Museum in Alberta, Canada

St. Albert Grain Elevator Park is an open-air museum which features two historic grain elevators and a reconstructed railway station.

The two elevators are a 1906 Brackman-Ker Milling Company Elevator and a 1929 Alberta Wheat Pool Elevator, both which were designated as Provincial Historic Resources in January 2007. The park also features the St. Albert Railway Station and Visitor Centre, a replica of the former 1909 St. Albert Canadian Northern Railway railway station, built in 2005.

The museum is operated by the Arts & Heritage Foundation of St. Albert. Guided tours of the Grain Elevators and Railway Station are available from May to September.

== Restoration ==

St. Albert's 1906 and 1929 Albert Wheat Pool Elevators were constructed in the golden age of Canada's grain trade.

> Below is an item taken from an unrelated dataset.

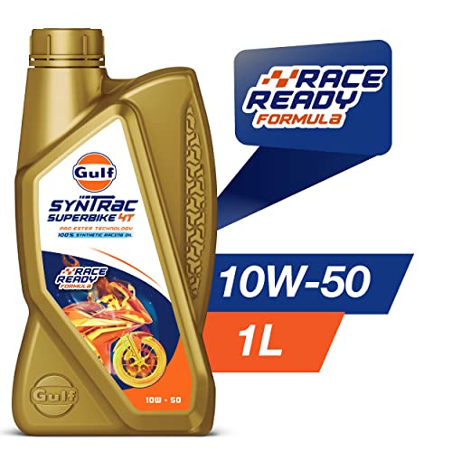 Gulf Syntrac Superbike 4T 10W-50 MLP[1L] API SN JASO MA2 Fully Synthetic Engine Oil for 2 wheeler bikes with Premium PAO Ester Technology for peak…,

The grain elevators reopened to the public in 2011 after a year-long restoration. The restoration project included repairs and stabilization of the foundations, roofs re-shingled, metal cladding secured and repainted, rotten timbers replaced and windows restored. Work continued into 2011 on the 1929 elevator, which had considerable more rot then the 1906 elevator, included residing and repainting the elevators with the Alberta Wheat Pool colour and logo. Throughout the project, the City of St. Albert, Arts and Heritage, HIP architects and Delnor Construction worked closely with the Provincial Heritage Advisor to ensure all restoration work complied with the Standards and Guidelines for the Preservation of Historic Places in Canada.